Предпраздничные и праздничные дни в России всегда и желанны и тревожны. Какая-то общественная вольность чувствуется в суете у продовольственных магазинов, какой-то революционный анархизм в многолюдье на улицах, нетрезвые выкрики и песни полны лихого романтизма. Вот уже не прирученная клубной самодеятельностью вольная гармонь подогревает рабоче-крестьянскую кровь в центре Москвы у памятника Пушкину, навевая сладкий, забытый сон о грабеже награбленного.
В России, как всегда, есть кого бить, есть кому бить и есть чем бить. Бутылка заменила булыжник, стала грозным оружием пролетариата.
Серые трудовые будни делают людей неврастениками, загоняют под шкуру людскую натуру. А ведь хочется жить, хочется дышать полной грудью, покричать до хрипоты, ударить ногой ненавистное тело… Крови и демократии хочется. Какая же демократия без открыто пролитой на панель крови? Ведь тирания льет кровь в подвалах и камерах, подальше от глаз общественности.
Над городом витает призрак демократии. То здесь, то там звучат в ночном воздухе знаменитые формулировки и тезисы: «Иди отсюда! Чьё ты орешь! Чьё те надо!». Без устали работают ночные трибуналы. И подтаивает ноябрьский ледок на лужицах от теплой крови. И липкой становится первая майская травка.
Демобилизованное из армии крестьянство в милицейских шинелях тревожно поеживается в праздничной тьме. Когда в округе рыщут волки, не всегда можно надеяться на собак. Общая плоть, односельчане.
Опасны, опасны праздники в скучной стране. Кажется, вот-вот и заколеблется все, растает, потеряет устойчивость… Вот-вот, кто-то, какой-то, откуда-то вдруг заберется куда-нибудь повыше и крикнет: «Братцы!» А больше ничего и не надо. Какая еще нужна свобода слова.
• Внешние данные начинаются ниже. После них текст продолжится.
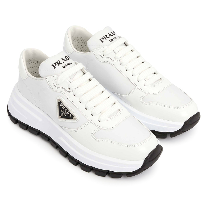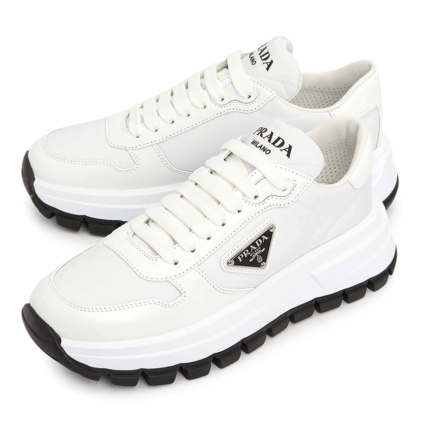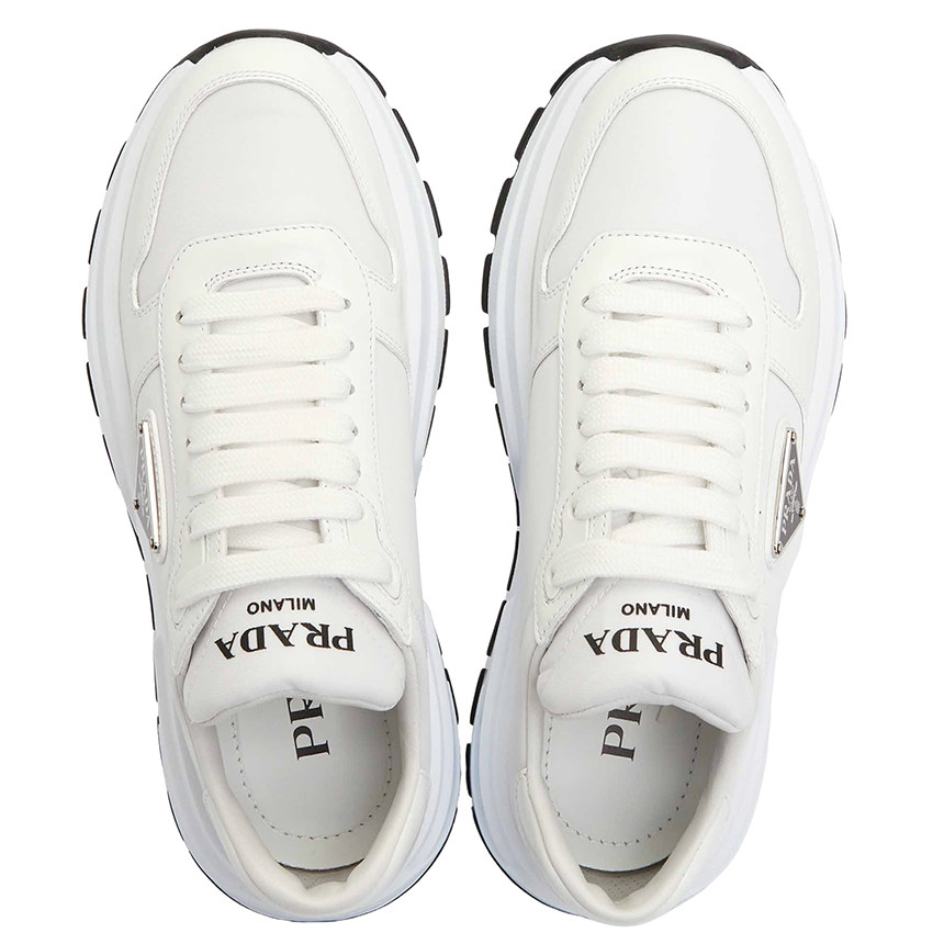 Женские спортивные повседневные туфли Prada из белой кожи с треугольным логотипом и толстой подошвой 1E804M 3LF5 F0964
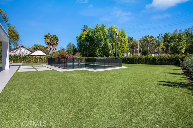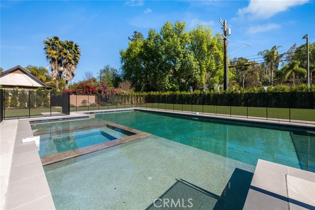 Gorgeous 8000 ft.² Sprawling Modern New construction home South of Boulevard! Fully furnished, this home is truly a showstopper!!! Fully gated and secure, this signature home is located on a lovely peaceful street in Tarzana. This home has the WOW! The stunning entry introduces the modern elegance resonates through the space, greeted by wall of glass opening up to the drive expansive backyard. With soaring ceilings and large living spaces, this home is Engineered for entertaining and family gathering. The kitchen is the refined and spacious anchor, facing a gorgeous 10 seat dining table. Sink into the expansive casual family room that opens into covered back patio, or choose the most intimate bar area to entertain, lounge and relax. All the bedrooms outfitted with king size beds, including the downstairs guest, which afford privacy and convenience. Upstairs you will find a designated comfortable workspace with adjoining balcony and seating area, a luxurious primary suite with 2 walk in closets and wrap around balcony. All the secondary bedrooms are large beautifully appointed, with walk-in closets. The backyard and pool area provides a variety of different lounging areas and dining alfresco is a must! A gorgeous, sparkling pool and space to entertain and enjoy is priceless! 12-month lease, with short-term options open for discussion.
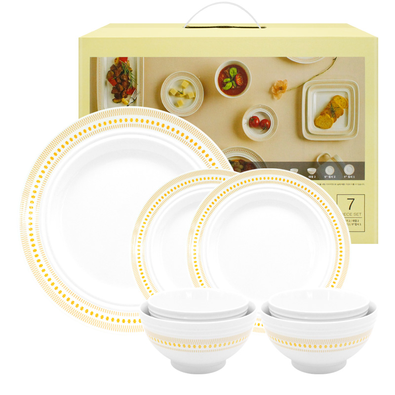 크기 공기 x2, 대접 x2, 6인치 접시 x2, 9인치 접시 x1
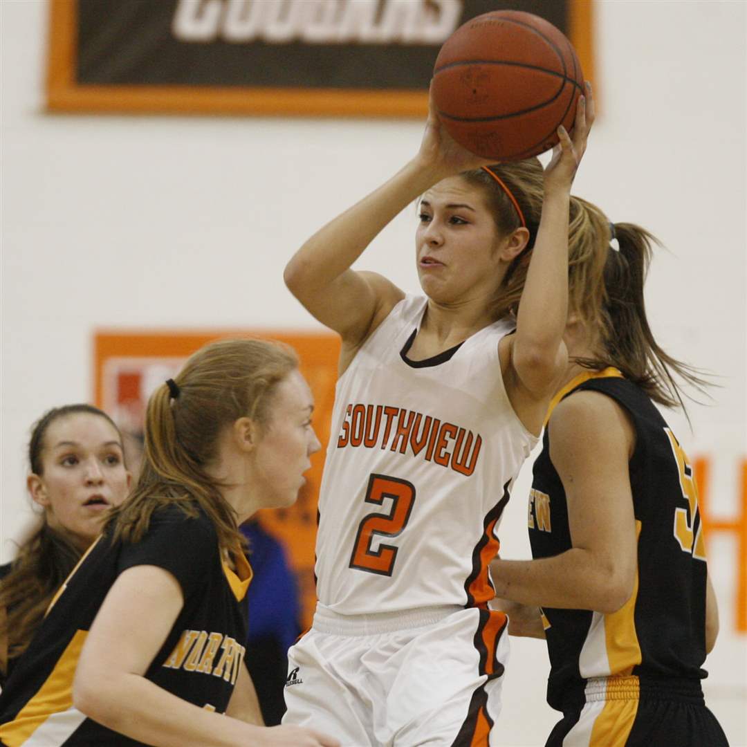 Southview's Lexi Lopez (2) battles Northview's Mallory Small (10) and Maddie Cole (44) for a rebound Saturday, in Sylvania, Ohio.
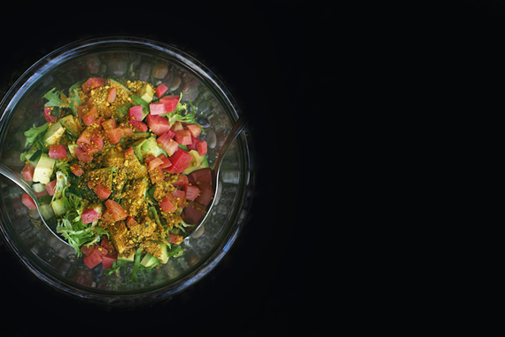 Sprinkle the salad generously with pistachio dust. Serve.
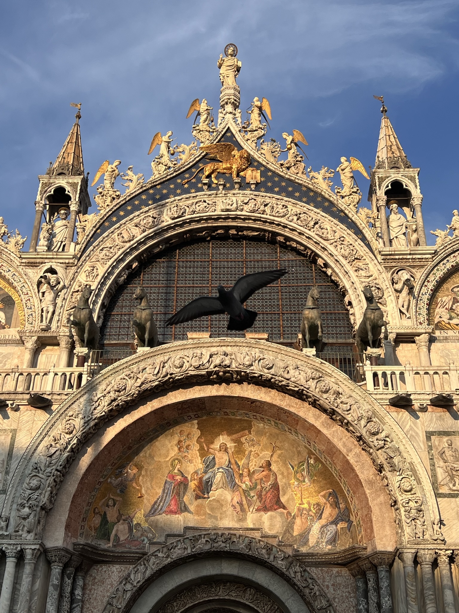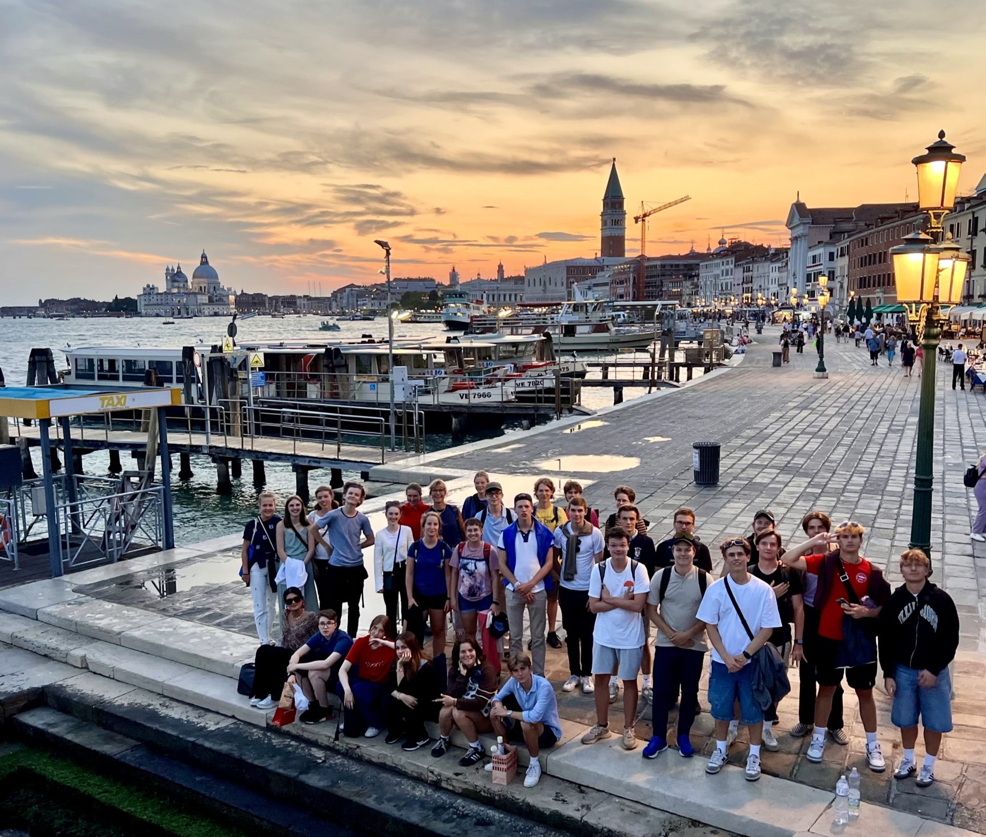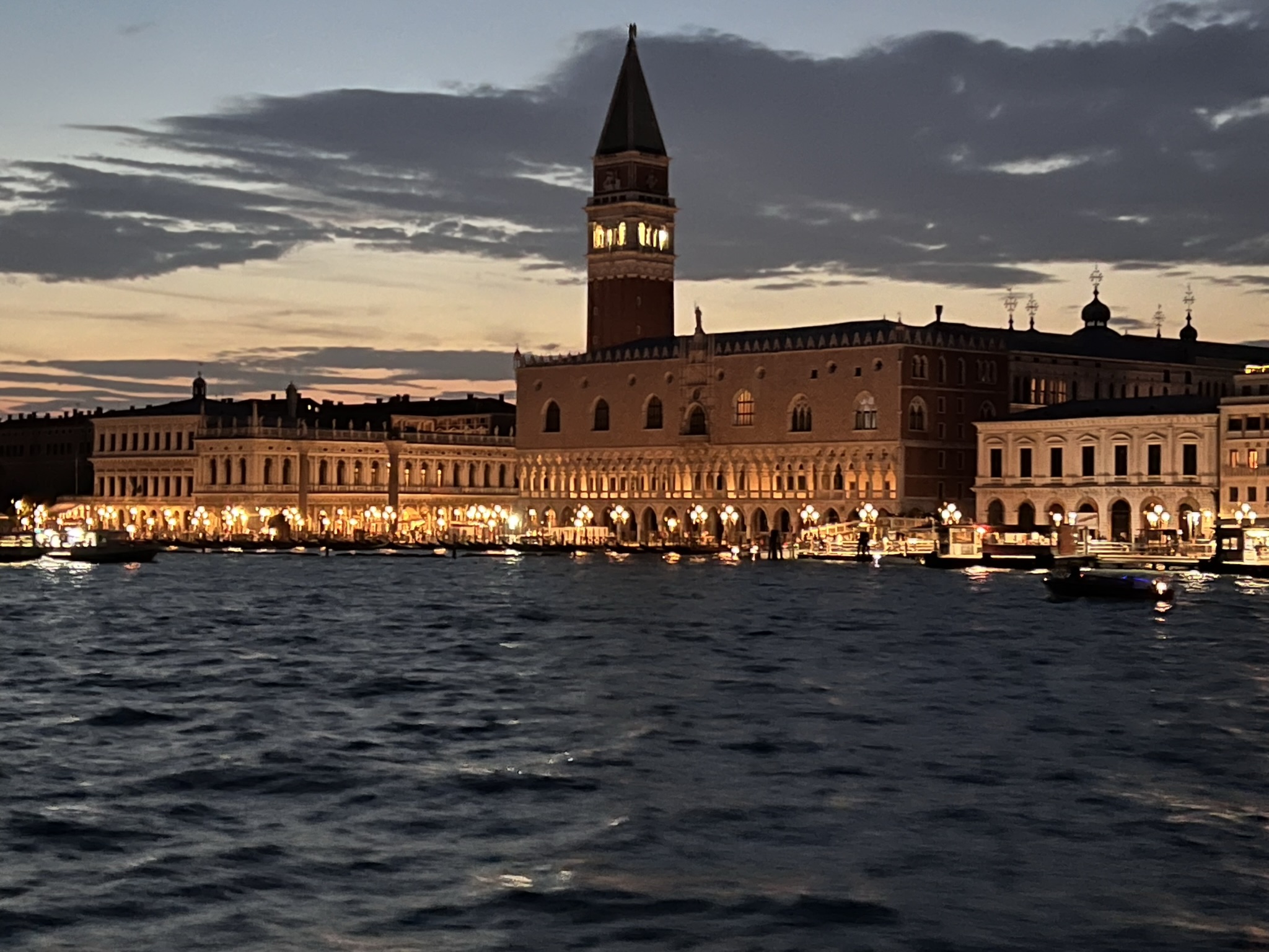 Giorno 5 – 31 agosto 2023 „Buongiorno, Venezia!“ – wir kommen. Bei Sonnenschein und angenehmen Temperaturen fuhren wir von Tronchetto aus mit dem Boot an die Uferpromenade Riva degli Schiavoni  im Stadtzentrum Venedigs. Die Stadt war gezeichnet von den starken Regenfällen der letzten Tage – überall stand das Wasser und große Pfützen waren zu sehen. Wegen schwerer Unwetter musste die Lagunenstadt sogar ihren Hochwasserschutz MOSE aktivieren. Doch dies tat keinen Abbruch – die wunderschöne Stadt mit ihren Sehenswürdigkeiten überwältigte uns. Wir besuchten den bekannten Markusplatz mit Dogenpalast, Markusdom und Markusturm, die berühmte Seufzerbrücke , die Rialtobrücke,san Lorenzo und San Giorgio d. Greci, Arsenale und die Giardini. Wir beobachten Gondolieri, die ihre 10-m- Gondeln mit großem Geschick durch die schmalen Kanäle jonglierten. Und wie sagt man so schön – das Beste kommt zum Schluss. Der Tag endete mit einem atemberaubenden Sonnenuntergang, den wir auf der Rückfahrt nach Tronchetto vom Boot aus genießen konnten – einfach romantisch.
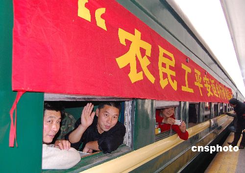 圖:廣州發(fā)出今春首趟珠三角農(nóng)民工返鄉(xiāng)專(zhuān)列
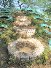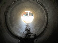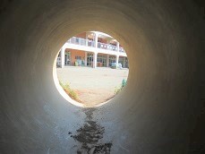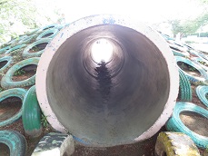 ○築山の土管の中は・・・・。入ってみると、暗くて涼しいよ 声が反響しますよ。怖くないよ。中から外を見るとこんな感じきりん組さんたちはまだ、入ったことないかな
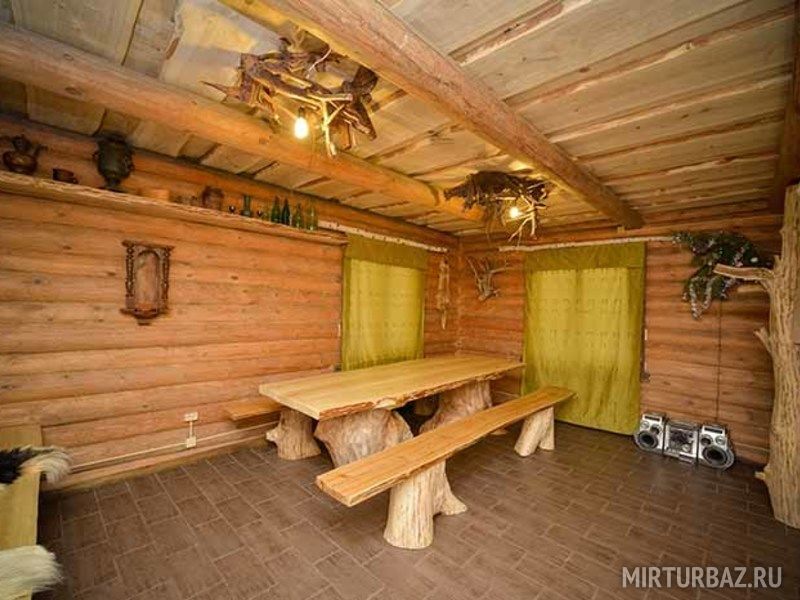 Зимой рассчитан на 4 места, летом на 8 мест. Рядом собственная крытая беседка с освещением, мангал.
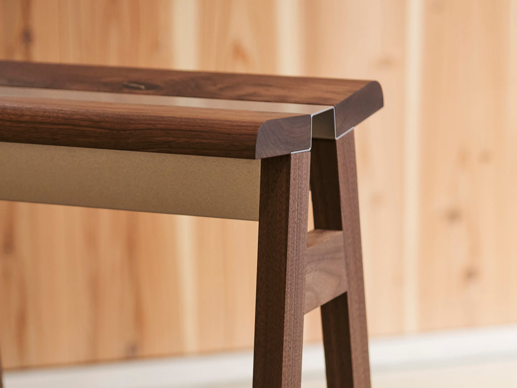 Hi.seriesstool / hi-stool / benchの3アイテムからなるHi.seriesは、折り加工を施した鋼板を座面の一部とし、構造・造形の中心として構成したFulcrumのファーストコレクションです。鋼板パーツは、大きく面の落ちた木座面との調和により、優婉な表情を空間に覗かせます。
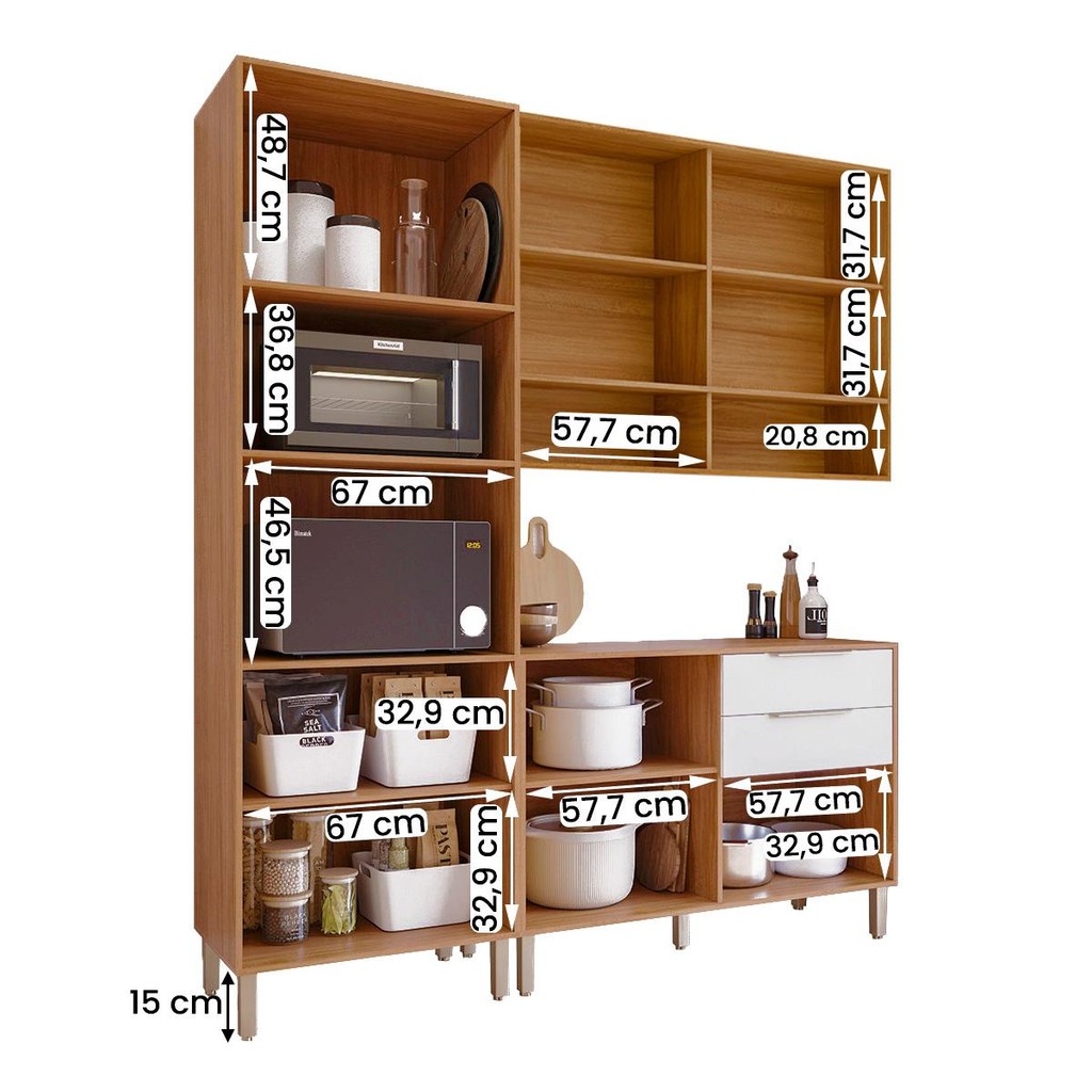O Cozinha Divina com Torre Quente 190 cm é a solução perfeita para quem busca praticidade, elegância e otimização do espaço! Com estrutura 100% MDF, 8 portas, 2 gavetas com corrediças telescópicas e prateleiras bem distribuídas, ele acomoda fornos, utensílios e mantimentos com estilo. Pés com regulagem e acabamento moderno garantem sofisticação e funcionalidade para sua cozinha! Modelo: Cozinha Divina com Torre Quente 190 cm; Material da estrutura: em MDF; Dimensões: 190 cm(L) x 223,5 cm(A) x 47 cm(P); Profundidade inferior: 47 cm; Profundidade superior: 32 cm; Quantidade de portas: 08, sendo 1 basculante com pistão a gás (dobradiças metálicas com fechamento soft close); Quantidade de Gavetas: 02 (corrediças telescópicas); Medidas internas das Gavetas: 52,8 cm(L) x 37,3 cm(P) x 11 cm(A); Com puxador: Sim, em plástico; Quantidade prateleiras: 8; Pés com regulagem: Sim, em 15 cm; Peso suportado: até 95 kg distribuídos; Requer montagem: Sim (kit montagem incluso). Tonalidade de Cores: Cinamomo: Fosca Texturizada; Off White: Fosca Texturizada; Branco: Fosca Texturizada; Titanium: Fosca Texturizada. Informações adicionais: - Os objetos que ambientam as fotos não acompanham o produto; - É de inteira responsabilidade do cliente a montagem do produto e/ou instalação, assim como possíveis irregularidades provenientes de manuseio inadequado; - Embora o produto acompanhe o manual de montagem, verifique a complexidade antes de decidir montá-lo sozinho, recomendamos que contrate um profissional de sua confiança; - Fique atento, nossas cores podem sofrer alterações dependendo do seu monitor; - ANTES DE MONTAR O SEU PRODUTO, verifique se há alguma peça danificada, caso esteja, prestaremos a devida assistência dentro do prazo da garantia.
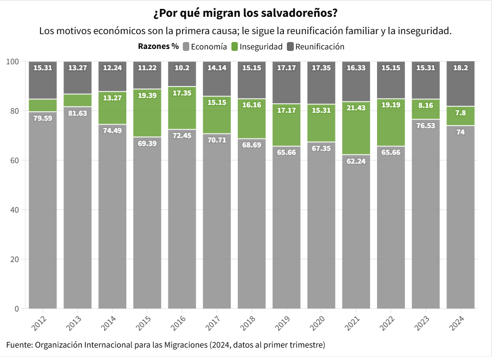 Por supuesto, la mejora en la seguridad tiene un impacto positivo, pero no hay que olvidar que es la situación económica (pobreza, falta de empleo, canasta básica,…) la principal razón por la que los salvadoreños abandonan el país. Así lo reflejan las encuestas que las autoridades migratorias hacen a los retornados, donde se les pregunta por los motivos que les llevaron a salir. Entre el 60% y 80% de los encuestados entre 2012 y 2024 respondieron el asunto económico. Le siguen la inseguridad y la reunificación familiar. En los últimos dos años, el tema de la inseguridad ha caído al tercer lugar.

Гармонь, луна на шухере, громкие разговоры, дыхание водкой и винегретом…
И вот уже в Москве, не в центре, но и не на окраине, треухи и платки, взявшись за руки, остановили «зеленый ворон», спецмашину вытрезвителя, и потребовали освободить своих «павших» товарищей.
«Знаем мы вас, – кричали односельчанам в казенной форме, – побьете их и деньги отберете».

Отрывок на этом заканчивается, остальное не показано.